Willie Anderson was the first of seven golfers to do it, winning three in a row from 1903 to 1905 before Bobby Jones won in 1929 and 1930. Ben Hogan won two in a row in 1950 and 1951. The last man to win two in a row is Brooks Koepka, who won at Erin Hills in 2017 and Shinnecock Hills the following year.
Bryson DeChambeau won the U.S. Open last year at Winged Foot and wants to be the eighth name on that list. After shooting a 2-under 69 Friday at Torrey Pines, he is even par for the tournament and five shots behind England’s Richard Bland. Heading into the weekend, he’s still got a shot.
Walking off the course Thursday night, the 27-year-old may not have felt that way. He was frustrated and headed to the range to hit some balls. In the dark. He wound up staying in the practice area until after 9 p.m.
“I couldn’t see very well, and it obviously being very dark, they shut the lights off, which is fine,” he said. “I’ve hit golf balls in the dark plenty of times.”
While he did not find the swing feel he was seeking, DeChambeau said that it came to him in the middle of the night.
“I found something this morning,” he said. “I was sleeping, and it came to me in the middle of the night. I woke up and I was like, ‘Hmm, I’m going to try this,’ and I went out, and my intuition is pretty good, so I went out and tried it and it worked, just keeping the right wrist bent for a lot longer through impact.”
That thought needed a few holes to kick in because Friday morning, DeChambeau’s round began with bogeys on the 10th (his first of the day) and the 12th holes.

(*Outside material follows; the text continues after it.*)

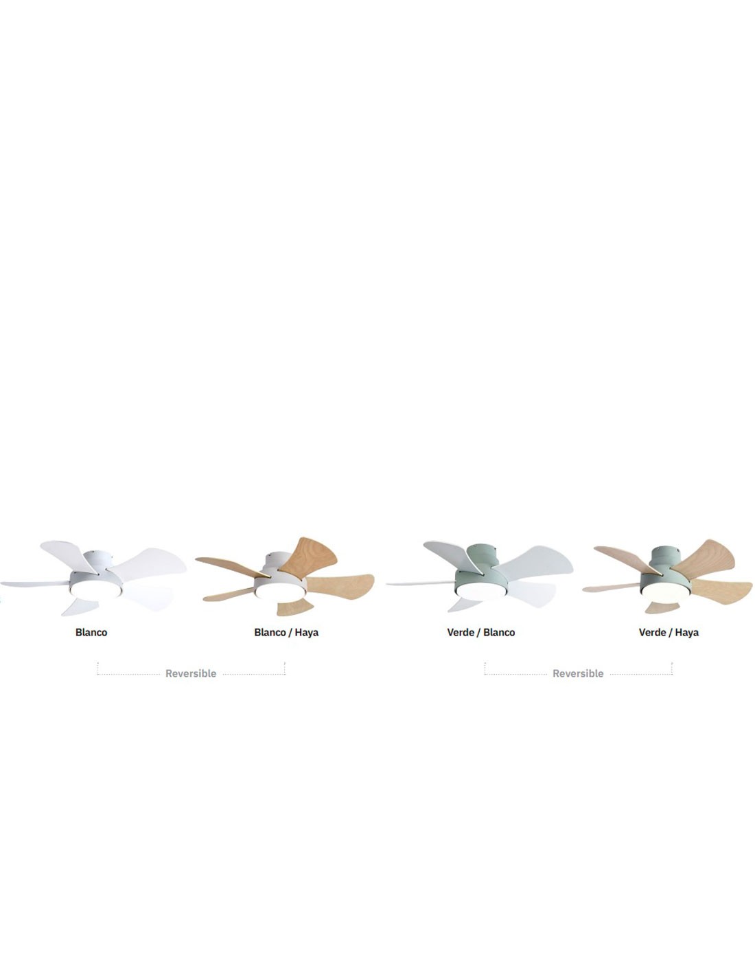 Gregario, ventiladores de techo disponibles en estructura en blanco con palas reversibles blanco haya, estructura verde con palas reversibles blanco haya y estructura gris con palas reversibles blanco haya.

That raised his overall score to 4 over.
However, a 16-footer for birdie on the par-5 13th began a solid run.
On 16, his tee shot on the 223-yard par 3 landed about 30 feet short of the hole but bounced and trundled to within 3 feet before stopping and setting up a kick-in birdie. On 18, a 571-yard par 5, DeChambeau hit a 339-yard tee shot before leaving his approach shot 25 feet below the hole. After making the eagle putt, he was suddenly 2 under for the day and back to even par for the tournament.
A birdie at the first hole got the building crowd going, but he wasted a scoring chance on the second hole, hit a poor tee shot on the par-3 third that led to a bogey and then missed makeable birdie putts on the fourth, fifth and sixth holes.
“I feel like I got my C, C-plus game with my irons, and my driving is like B, putting is A,” DeChambeau said Friday. “I’m putting really well, but I feel like if I can clean up my iron play and get a little more comfortable with the irons and the drivers, I’ll have a good chance for this weekend.”